Нож сам собой вырвался из-под рукава куртки Максимова и лёг поперёк дряблого стариковского горла.
— Шутки горбатые у тебя, Лазарь. — прошипел Максимов. — Жизни в тебе на один удар, а хохмишь, как Вечный жид.
— Э-э, паря, — прохрипел старик, — не надо! Ну кончишь ты меня, ну ребята за меня подпишутся, кончишь их, вырвешься отсель, а куда? С утра менты собаками травят. Всё ищут чего-то. Куда пойдёшь? Тебя в Домен на персональном «воронке» доставят. Бесплатно.

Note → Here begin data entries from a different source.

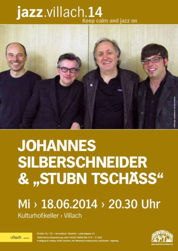 [ Liebe Jazzfreunde! Mit Lyrik und Musik beschließen wir das Frühjahresprogramm von jazz.villach.14. Am **Mittwoch, dem 18. Juni, um 20.30 Uhr** gastiert im **Kulturhof:keller Villach** der bekannte Schauspieler **Johannes Silberschneider** mit der Gruppe **„Stubn Tschäss“** „Die ZEIT“ hält Johannes Silberschneider, den Hauptdarsteller des Oscar nominierten Kurzfilms „COPYSHOP“, für einen „der umtriebigsten und wandlungsfähigsten Schauspieler im deutschen Sprachraum“. Im Vorjahr gewann Silberschneider den „diagonalen Schauspielpreis“ und ist derzeit im Schauspielhaus Graz in der Aufführung eines Thomas Bernhard – Stücks in der Hauptrolle zu sehen. Nach über 120 Kinofilmen, bzw. Fernsehproduktionen und weiteren 60 Theaterproduktionen kommt Silberschneider für seine nächste Lesung musikalisch unterstützt von „Stubn Tschäss“ in den Kulturhof:keller nach Villach. Die Musik von „Stubn Tschäss“ dient als verstärkendes Element der erdigen, schrägen, steirischen Mundartgedichte, die Silberschneider rezitiert. Unter Verwendung von unterschiedlichen musikalischen Stilmitteln (Blues, Jazz, Latin-Jazz, Funk, Samba und afrikanischen Klängen) entsteht eine sanfte, fließende Musik. Die feinfühlige Interaktion der Musiker erlaubt Ihnen auch die spontane musikalische Improvisation. Ein krönender Abschluss des Jazzfrühlings Villach. #### Line-up: Johannes Silberschneider (Lyrics) Klaus Ambrosch (Gitarre) Chris Seiner (Bass) Kurt Gober (Percussion) #### Karten: 20,–/17,– € Kartenvorverkauf: Kaffee Kleinfein, Lederergasse 17, Villach Telefonische Reservierung: 04242 28896
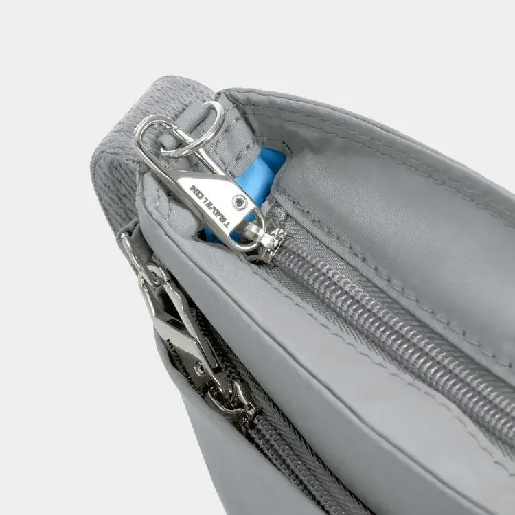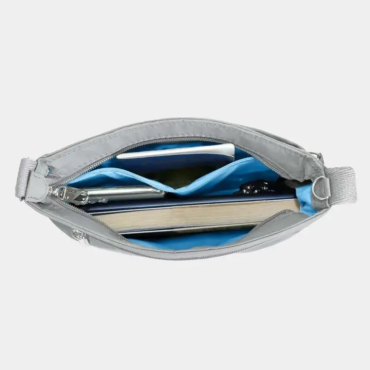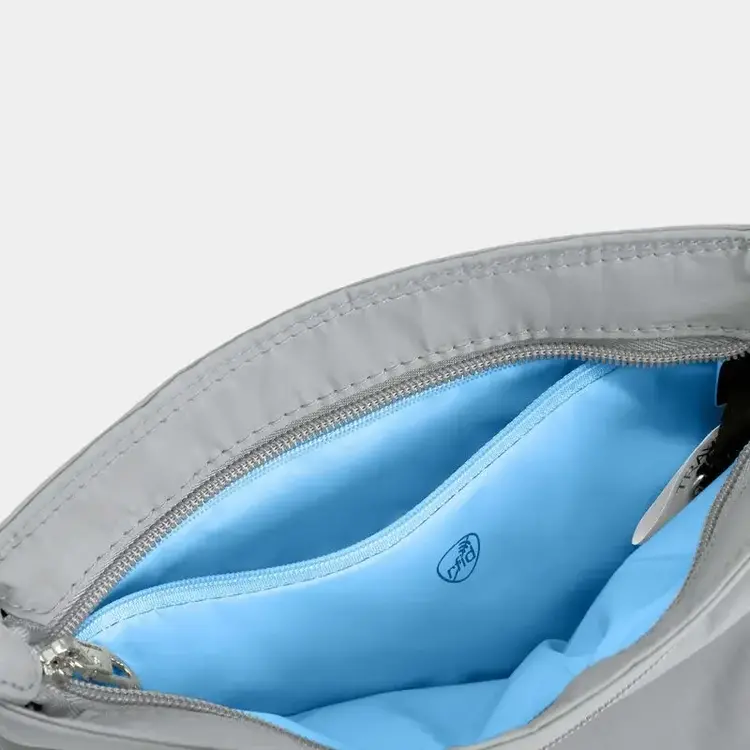 • A stylish front shows a slash pocket and a locking pocket. In the rear you’ll find a clever hidden zippered pocket for items and documents you want to hold close. Soft to the touch nylon bag is also highly durable yet ultra-lightweight so it won’t slow you down.
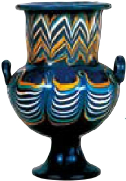 玻璃制品,通体彩绘。据考证是埃及第18王朝的作品,反映出当时埃及的玻璃制作工艺已达到很高的水准。
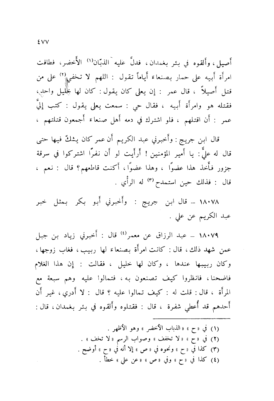 18079 - عَنْ مَعْمَرٍ قَالَ: أَخْبَرَنِي زِيَادُ بْنُ جَبَلٍ، عَمَّنْ شَهِدَ ذَلِكَ قَالَ: كَانَتِ امْرَأَةٌ بِصَنْعَاءَ لَهَا رَبِيبٌ فَغَابَ زَوْجُهَا، وَكَانَ رَبِيبُهَا عِنْدَهَا، وَكَانَ لَهَا خَلِيلٌ، فَقَالَتْ: إِنَّ هَذَا الْغُلَامَ فَاضِحُنَا، فَانْظُرُوا كَيْفَ تَصْنَعُونَ بِهِ؟ فَتَمَالَوْا عَلَيْهِ وَهُمْ سَبْعَةٌ مَعَ الْمَرْأَةِ قَالَ: قُلْتُ لَهُ: كَيْفَ تَمَالَوْا عَلَيْهِ؟ قَالَ: لَا أَدْرِي غَيْرَ أَنَّ أَحَدَهُمْ قَدْ أُعْطِيَ شَفْرَةً قَالَ: فَقَتَلُوهُ وَأَلْقَوْهُ فِي بِئْرٍ بِغَمَدَانَ قَالَ -[478]-: تُفُقِّدَ الْغُلَامُ قَالَ: فَخَرَجَتِ امْرَأَةُ أَبِيهِ تَطُوفُ عَلَى حِمَارٍ، وَهِيَ الَّتِي قَتَلَتْهُ مَعَ الْقَوْمِ، وَهِيَ تَقُولُ: اللَّهُمَّ لَا تُخْفِي دَمَ أَصِيلٍ قَالَ: وَخَطَبَ يَعْلَى النَّاسَ، فَقَالَ: انْظُرُوا هَلْ تُحِسُّونَ هَذَا الْغُلَامَ أَوْ يُذْكَرُ لَكُمْ قَالَ: فَيَمُرُّ رَجُلٌ بِبِئْرِ غَمَدَانَ بَعْدَ أَيَّامٍ، فَإِذَا هُوَ بِذُبِابٍ أَخْضَرَ يَطْلُعُ مَرَّةً مِنَ الْبِئْرِ، وَيَهْبِطُ أُخْرَى، فَأَشْرَفَ عَلَى الْبِئْرِ فَوَجَدَ رِيحًا أَنْكَرَهَا، فَأَتَى يَعْلَى، فَقَالَ: مَا أَظُنُّ إِلَّا أَنِّي قَدْ قَدَرْتُ لَكُمْ عَلَى صَاحِبِكُمْ قَالَ: وَأَخْبَرَهُ الْخَبَرَ قَالَ: فَخَرَجَ يَعْلَى حَتَّى وَقَفَ عَلَى الْبِئْرِ وَالنَّاسُ مَعَهُ قَالَ: فَقَالَ الرَّجُلُ الَّذِي قَتَلَهُ - صَدِيقُ الْمَرْأَةِ -: دَلُّونِي بِحَبْلٍ قَالَ: فَدَلَّوْهُ فَأَخَذَ الْغُلَامَ فَغَيَّبَهُ فِي سِرْبٍ فِي الْبِئْرِ، ثُمَّ قَالَ: ارْفَعُونِي فَرَفَعُوهُ، فَقَالَ: لَمْ أَقْدِرْ عَلَى شَيْءٍ، فَقَالَ الْقَوْمُ: الْآنَ الرِّيحُ مِنْهَا أَشَدُّ مِنْ حِينَ جِئْنَا، فَقَالَ رَجُلٌ آخَرُ: دَلُّونِي فَلَمَّا أَرَادُوا أَنْ يُدَلُّوهُ أَخَذَتِ الْآخَرَ رِعْدَةٌ فَاسْتَوْثَقُوا مِنْهُ، وَدَلَّوْا صَاحِبَهُمْ فَلَمَّا هَبَطَ فِيهَا اسْتَخْرَجَهُ إِلَيْهِمْ، ثُمَّ خَرَجَ، فَاعْتَرَفَ الرَّجُلُ خَلِيلُ الْمَرْأَةِ، وَاعْتَرَفْتِ الْمَرْأَةُ، وَاعْتَرَفُوا كُلُهُمْ، فَكَتَبَ يَعْلَى إِلَى عُمَرَ -[479]-، فَكَتَبَ إِلَيْهِ أَنِ اقْتُلْهُمْ، فَلَوْ تَمَالَأَ بِهِ أَهْلُ صَنْعَاءَ قَتَلْتُهُمْ قَالَ: «§فَقَتَلَ السَّبْعَةَ»

— Деньги верни! — Максимов, брезгливо поморщился от сивушного выхлопа из распахнутого рта Кагановича. Спрятал нож под рукав.
— Бабки! — шмыгнул носом старик. По грязным морщинистым щекам неожиданно побежали слёзы. — А на кой они мне нужны, знаешь? Может мне они до смерти нужны?! Может я подыхаю уже.
— Не скули, старый!
— Блядская жизнь! — не унимался старик, размазывая по щекам слёзы. — Суки он, хуже падали последней. Я на них всю жизнь горбатился. Я под землёй больше, чем ты на свету просидел! У меня ноги уже не ходят, щенком ещё по колено в воде блукал, рельсы на себе таскал. Ну житуха, японский бог, ну житуха у нас! Как ни крути, а она к тебе только задницей!

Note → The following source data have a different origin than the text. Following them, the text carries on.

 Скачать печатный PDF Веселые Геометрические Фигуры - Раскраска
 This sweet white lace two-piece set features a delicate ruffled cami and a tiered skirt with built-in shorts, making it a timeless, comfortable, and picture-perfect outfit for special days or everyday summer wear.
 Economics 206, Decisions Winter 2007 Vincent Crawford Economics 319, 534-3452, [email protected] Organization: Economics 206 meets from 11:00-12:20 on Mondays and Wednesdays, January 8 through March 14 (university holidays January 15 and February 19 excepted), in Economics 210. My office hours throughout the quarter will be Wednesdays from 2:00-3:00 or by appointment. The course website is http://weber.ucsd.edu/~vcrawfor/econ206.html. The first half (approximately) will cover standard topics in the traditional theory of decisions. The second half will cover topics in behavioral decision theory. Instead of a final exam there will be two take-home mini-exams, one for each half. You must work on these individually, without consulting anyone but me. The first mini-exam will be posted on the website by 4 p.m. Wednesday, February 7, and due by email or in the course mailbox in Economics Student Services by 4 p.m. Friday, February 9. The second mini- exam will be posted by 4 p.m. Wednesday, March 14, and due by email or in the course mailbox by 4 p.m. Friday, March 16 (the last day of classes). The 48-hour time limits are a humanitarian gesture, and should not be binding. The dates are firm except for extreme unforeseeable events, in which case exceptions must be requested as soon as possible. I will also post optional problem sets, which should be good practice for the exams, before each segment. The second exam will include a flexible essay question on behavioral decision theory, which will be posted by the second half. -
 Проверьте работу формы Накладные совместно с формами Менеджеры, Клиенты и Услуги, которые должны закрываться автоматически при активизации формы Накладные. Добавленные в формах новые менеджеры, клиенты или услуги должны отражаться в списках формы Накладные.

— Да остынь ты. Что стряслось?
Дед всхлипнул и рукавом вытер глаза.
— Мне сам Лазарь, великий организатор, пятак жал, бля буду! Да я Брежнева два раза видел, вот как тебя. Лужок мне свой кепарь кожаный подарил, о как! У меня грамот от них — все толчки в городе оклеить можно! А они, падлы… Ну свинтили, ну отхерачь дубинкой, если уж старика не жалко, зуб ему выдави, но зачем такое с живой-то душой вытворять, а? Что мне теперь, с голоду помирать? Я же теперь, как пёс на цепи. Всё у них, пидарасов, как учили — «шаг влево-вправо, прыжок вверх — побег». Вот теперь и меня, суки, подловили.
Максимов, ужаснувшись догадке, задрал ему правый рукав. На запястье Лазаря плотно сидел стальной браслет.
— Где взяли?
— Из трубы одной вылазил. Прямо на патруль и напоролся. Озверели они, не отмажешься. А может, план надо было выполнять, кто их знает?
Истерика разом прошла, дед только шмыгал пропитым носом.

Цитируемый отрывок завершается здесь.